**SOURCE INFORMATION**
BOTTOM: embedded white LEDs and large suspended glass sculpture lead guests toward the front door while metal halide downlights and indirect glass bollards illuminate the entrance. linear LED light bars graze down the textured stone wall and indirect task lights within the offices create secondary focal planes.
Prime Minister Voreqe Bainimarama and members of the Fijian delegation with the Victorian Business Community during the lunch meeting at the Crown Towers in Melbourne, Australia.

--

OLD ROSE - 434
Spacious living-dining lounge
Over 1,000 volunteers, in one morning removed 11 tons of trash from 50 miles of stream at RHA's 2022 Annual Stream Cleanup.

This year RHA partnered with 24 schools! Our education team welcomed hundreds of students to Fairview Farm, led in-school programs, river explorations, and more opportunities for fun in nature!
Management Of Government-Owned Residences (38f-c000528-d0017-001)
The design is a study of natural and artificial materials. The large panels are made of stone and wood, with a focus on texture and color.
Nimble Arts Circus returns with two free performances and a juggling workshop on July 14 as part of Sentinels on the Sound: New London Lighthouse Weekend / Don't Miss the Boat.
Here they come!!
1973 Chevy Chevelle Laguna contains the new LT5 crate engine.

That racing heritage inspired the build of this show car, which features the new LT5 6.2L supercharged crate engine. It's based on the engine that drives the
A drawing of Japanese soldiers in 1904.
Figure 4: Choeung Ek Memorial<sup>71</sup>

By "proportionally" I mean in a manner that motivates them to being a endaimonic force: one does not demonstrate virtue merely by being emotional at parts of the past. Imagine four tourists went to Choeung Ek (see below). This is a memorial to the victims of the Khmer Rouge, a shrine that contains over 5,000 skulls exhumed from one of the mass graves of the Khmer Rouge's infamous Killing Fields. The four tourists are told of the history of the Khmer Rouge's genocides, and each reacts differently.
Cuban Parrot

**TO DO**
A single figure is required: the number of lines in the data above in which the word "engine" appears.

**PROBLEM SOLUTION**
2